Lugano, a city in Switzerland, plans to make bitcoin and USDT legal tender. The city has partnered with Tether to make bitcoin, USDT and its LVGA Points token de facto legal tender. The Swiss franc will remain the actual legal tender nationwide.
The U.K.’s Financial Conduct Authority said it investigated 300 crypto firms last year. The British financial watchdog said that there are at least 50 live investigations into unauthorized businesses not registered with the FCA.
UkraineDAO raised over $6 million through a Ukrainian flag NFT sale. The sale of the NFT generated over 2,100 ether. Proceeds will go to nonprofit relief organizations in Ukraine.
OpenSea barred Iranian users from its marketplace. Users complained on Twitter that their OpenSea accounts were deactivated without notice or explanation. An OpenSea representative confirmed the ban, stating that they were complying with U.S. sanctions.
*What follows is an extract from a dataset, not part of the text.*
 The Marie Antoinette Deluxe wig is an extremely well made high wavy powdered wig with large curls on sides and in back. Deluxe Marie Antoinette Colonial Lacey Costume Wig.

Infura, a service used by the MetaMask wallet and other blockchain tools, accidentally blocked Venezuelan users from accessing its services. While changing configurations to block other jurisdictions in accordance with the U.S. sanctions list, Infura “mistakenly configured the settings more broadly than they needed to be.”
Overheard
Brex co-CEO Henrique Dubugras said the corporate credit card company isn’t planning on going public any time soon. “I think we would only consider [going public] in a good market. We’re not anti-going public or anything, but we’re still a 5-year-old company, and I think it’s very normal for companies to wait until they’re 8 or 9 years old,” he said at an event.
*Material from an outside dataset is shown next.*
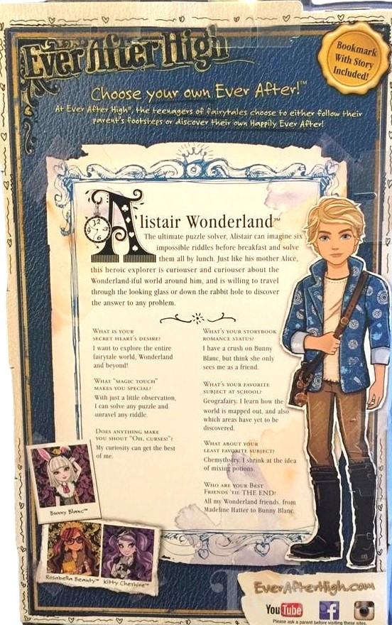 First Chapter Alistair Wonderland was released in 2015. To view other Alistair Wonderland dolls, click here. To view other Ever After High dolls By Year, click here.

Ken Griffin, the billionaire CEO of Citadel, said he made the wrong call on crypto. “Crypto has been one of the great stories in finance over the course of the last 15 years. And I’ll be clear, I’ve been in the naysayer camp over that period of time,” he said in an interview with Bloomberg.
AnnaLou Tirol, deputy director of FinCEN, said that the Treasury bureau’s efforts against corruption and other financial crimes have been strengthened by the passage of the Anti-Money Laundering Act of 2021. “It represents the greatest transformation of the United States’ AML-CFT regime since the USA Patriot Act of 2001,” she said at an event.
The chart
Did Russians dump rubles for crypto? There’s a neat correlation between the fall in the ruble against the dollar and the rise in bitcoin’s price. But correlation isn’t causation: Bitcoin has been rising as fears of a crypto winter fade, while the ruble’s movements have been closely linked to sanctions.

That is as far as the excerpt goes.